Significant at corrected p = 0.006.

Retention

To evaluate the degree to which post-training performance was retained, post-test and retention scores were compared for dependent variables using pairwise t-tests with Bonferroni correction (critical p = 0.008). This analysis revealed no significant differences for any of the training groups, ps all > 0.05, ds all < 0.5.

Five-Year Follow Up

Figure 5 shows the mean season OBP for each player’s high school season following the training. For these data, two participants (one from the VE batting practice and one from the control group) were removed because they played in fewer than five games due to injury.
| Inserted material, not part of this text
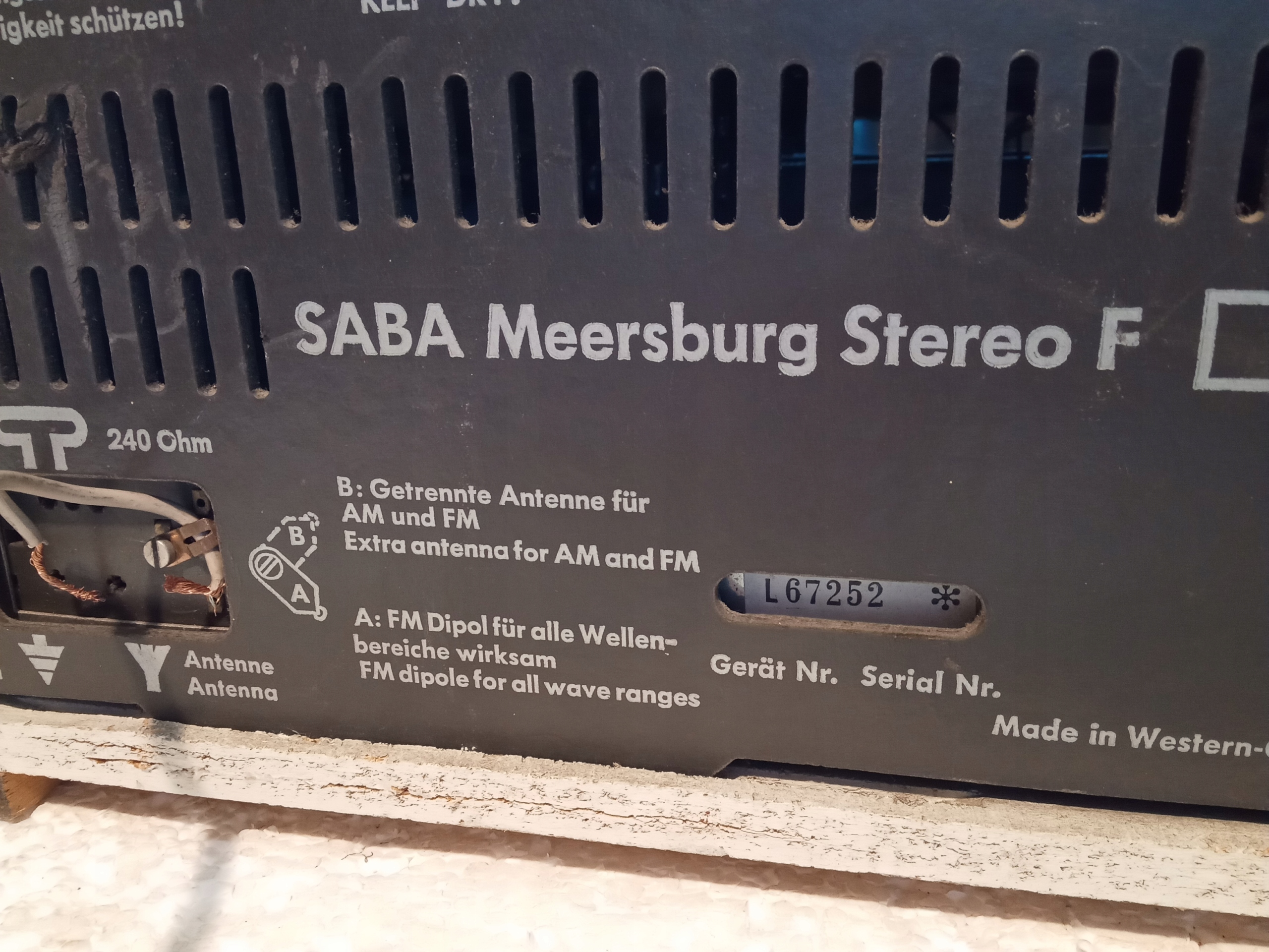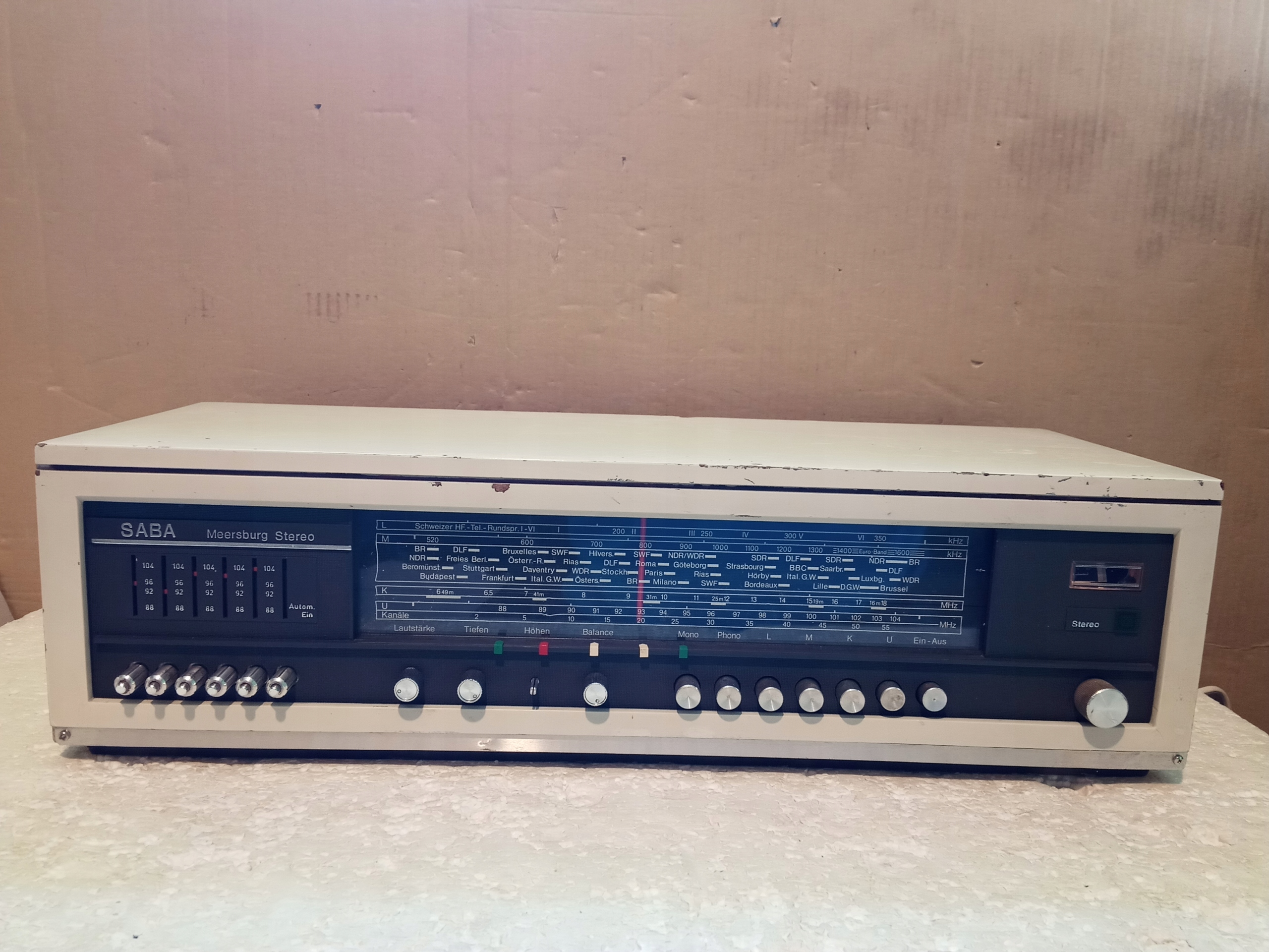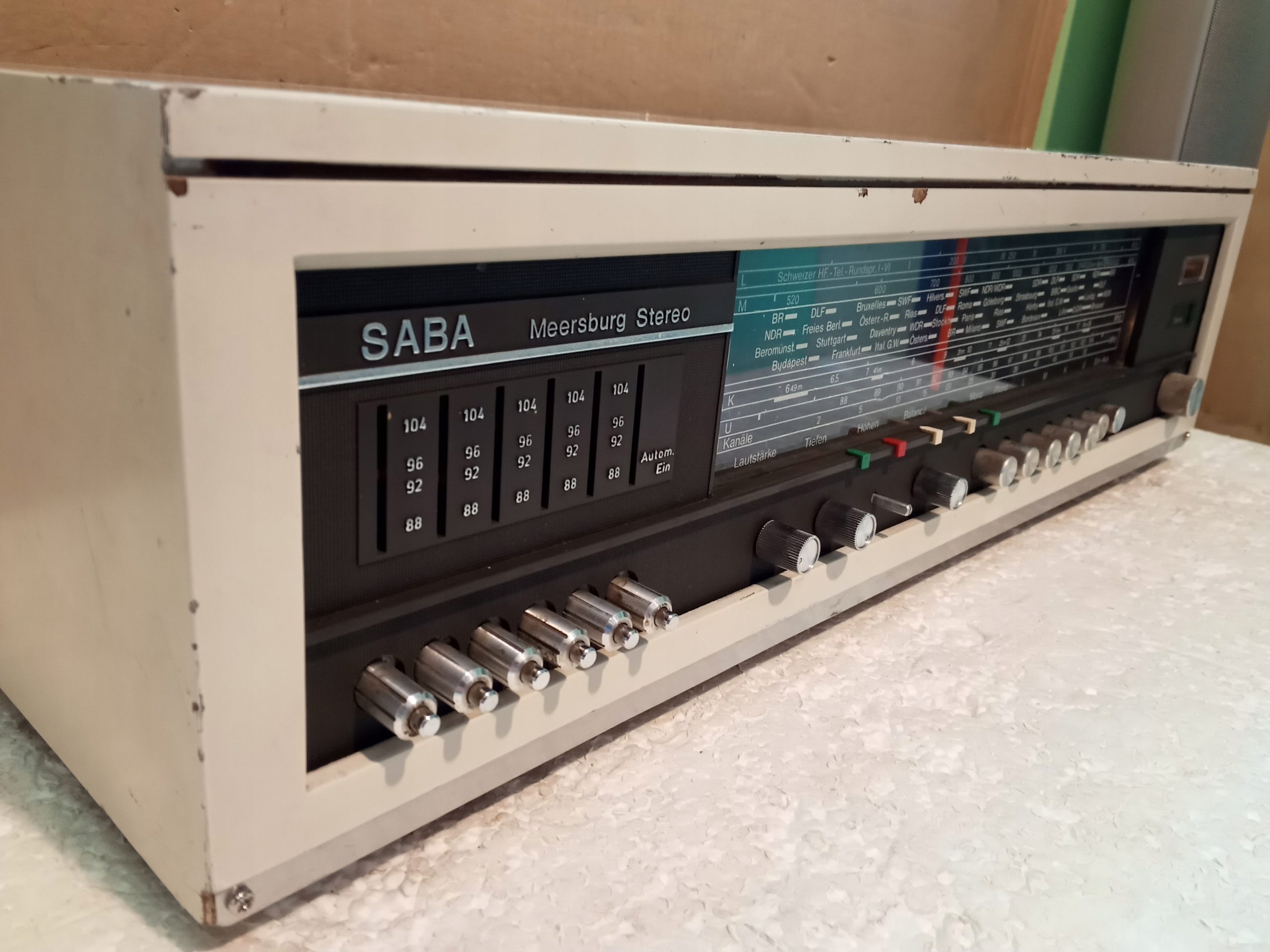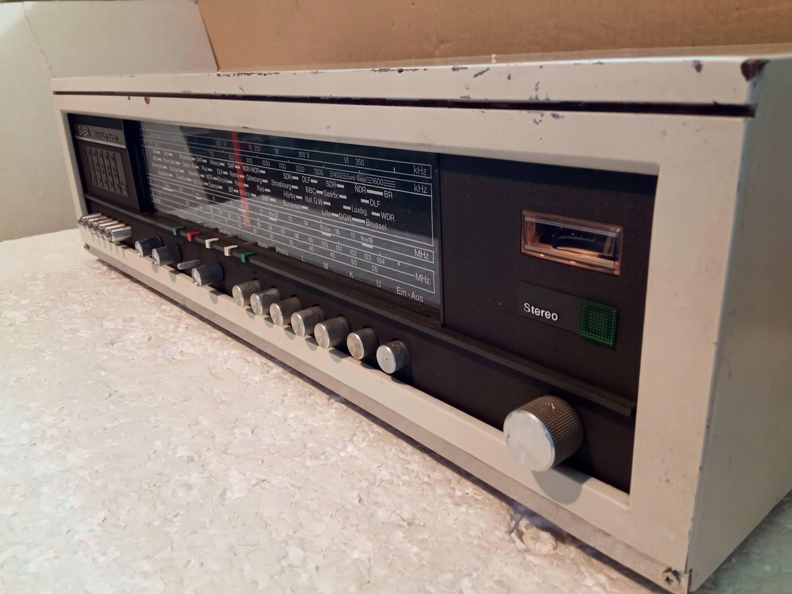 Amplituner Vintage : SABA Meersburg Stereo . Podświetlenie nie sprawne . Radio odbiera a funkcje są sprawne , brakuje jednej nasadki gałki !Całość gra ładnie . Wymiary : 560 x 160 x 210 mm . Waga : 6Kg .

The one-way ANOVA performed on these data revealed a significant main effect of training group, F(3,74) = 10.8, p < 0.001, ηp2 = 0.30. Independent samples t-tests with Bonferroni correction (critical p = 0.017) revealed that OBP was significantly higher for the VE adaptive as compared to the VE batting practice, t(37) = 3.7, p = 0.001, d = 1.2, and the control group, t(37) = 4.8, p< 0.001, d = 1.8. There was a marginally significant difference (with a medium-large effect size) between the VE adaptive and real batting practice group, t(38) = 2.5, p = 0.025, d = 0.7.

FIGURE 5.

FIGURE 5

Mean on-base percentage (OBP) for the four training groups. Error bars are standard errors.

The multiple linear regression performed on OBP indicated that four predictors explained 68% of the variance (R2 = 0.47, F(8,69) = 9.7, p < 0.001). The significant predictors were ΔVE hits (β = 0.013, p = 0.01), Δreal hits (β = 0.0.07, p = 0.045), Δreal O-Swing % (β = -0.08, p = 0.041), and Δpitch type accuracy (β = 0.02, p = 0.021). ΔVE hits explained the highest amount of variance followed by Δpitch type accuracy.

The number of participants that played at least one full season at a level higher than high school baseball in the 5 years following the study was as follows: VE adaptive, 8 (1 AA, 1 A, 4 NCAA, 2 NCJAA); VE batting practice, 1(NCAA); Real batting practice, 3(1 A, 1 NCAA, 1 NCJAA); and Control, 1 (NCAA). A Chi-square test of proportions revealed that this distribution is significantly different from equality, χ2 = 7.9, p = 0.047.

Discussion

The goal of the present study was to evaluate the transfer of perceptual-motor skills trained in an adaptive baseball batting VE to real baseball performance. The VE adaptive training used in the present study was superior to the other types of training investigated in many ways. Players in the VE adaptive group showed significant improvements for 7/8 of the batting performance assessments and these improvements were maintained in a 1-month retention test. Consistent with hypothesis (i), for the majority of the assessments, the magnitude of improvement was significantly greater than what was found for the other three groups in the study. Finally, consistent with hypotheses (ii) and (iii), the batting performance in the full season following the training (as assessed by OBP) was significantly higher for VE adaptive group as compared to the other groups and a significantly higher proportion of players in the VE adaptive group reached levels of competition above high school. Therefore, the results of the present study provide evidence for both near and far transfer of training for a baseball batting VE.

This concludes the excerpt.